Edited By Jonathan Smith, Ginger Charles Copyright 2013
    230 Pages
    by Routledge

    230 Pages
    by Routledge

    Leadership is demanding and challenging. How do leaders cope? How do they remain fit and strong, and thrive? The authors of Leadership Resilience, a business school academic and a police officer, suggest that many challenges faced by leaders are similar to the challenges experienced by police officers. The isolation; the pressure not to show personal emotions; the expectation that they will deal effectively with confused, frustrated and angry people; and that they can deal with delivering bad news; all contribute to the pressures bearing on leaders and police officers everywhere.
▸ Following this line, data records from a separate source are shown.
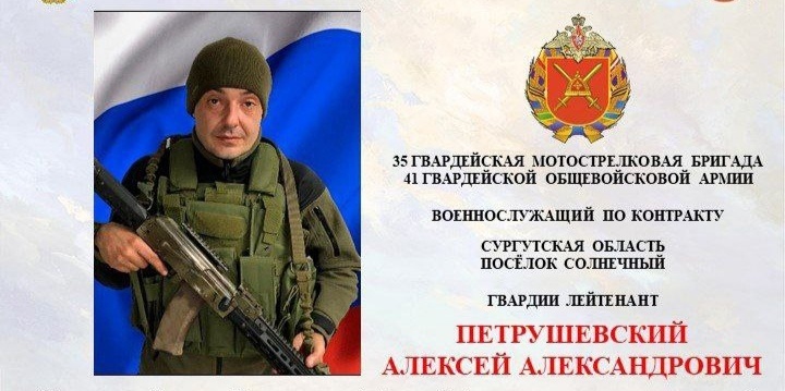 Военнослужащий из поселка Солнечный Сургутского района Алексей Петрушевский находится в зоне специальной военной операции по контракту с сентября 2023 года. Несёт службу в 35-й гвардейской мотострелковой бригаде.Он успешно окончил курсы повышения квалификации в Донецком высшем общевойсковом командном училище с присвоением воинского звания лейтенант и с мая 2024 года принимает участие в СВО в должности заместителя командира роты военно-политической работе.
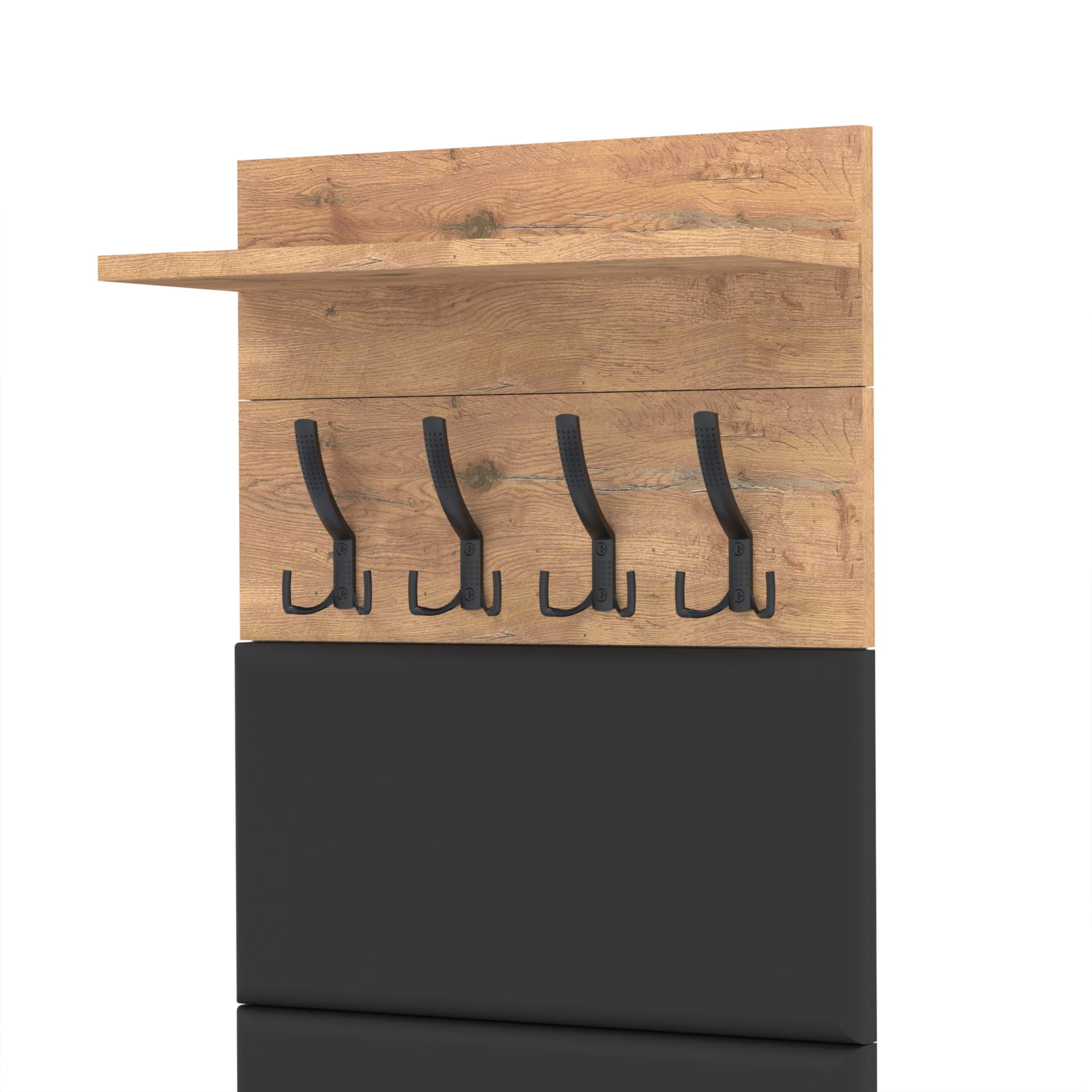 Wieszak z praktyczną półką o głębokości 18 cm. Posiada 4 metalowe uchwyty udostępnia w sumie 12 wieszaków.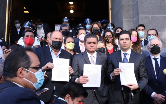 Los líderes de las fracciones parlamentarias del PAN, PRD y PRI, Jorge Romero, Luis Ángel Espinosa Cházaro y Rubén Moreira Valdés, respectivamente, indicaron que entregaron 233 firmas, las cuales son suficientes para que se admita a trámite la queja.

The authors argue that these challenges are more pronounced in policing and so more readily identifiable than in other leadership situations. They explore challenges experienced by police officers, look at how they cope with them, and draw lessons for those undertaking leadership roles more generally. Leadership Resilience provides accounts from police officers, in their own words, of difficult experiences they encounter. They describe their feelings about what was important and how they coped with it. Each account is followed by an analysis highlighting what is discussed, and not discussed, in the accounts and identifying lessons that can be drawn by leaders in other situations. All is presented so that it is relevant to different cultures demanding different styles of leadership. Analysis of the engaging experiences featured will help leaders struggling with the gap between leadership education and capability and the demands made of them to survive and thrive, while maintaining their physical, mental, emotional, and spiritual health.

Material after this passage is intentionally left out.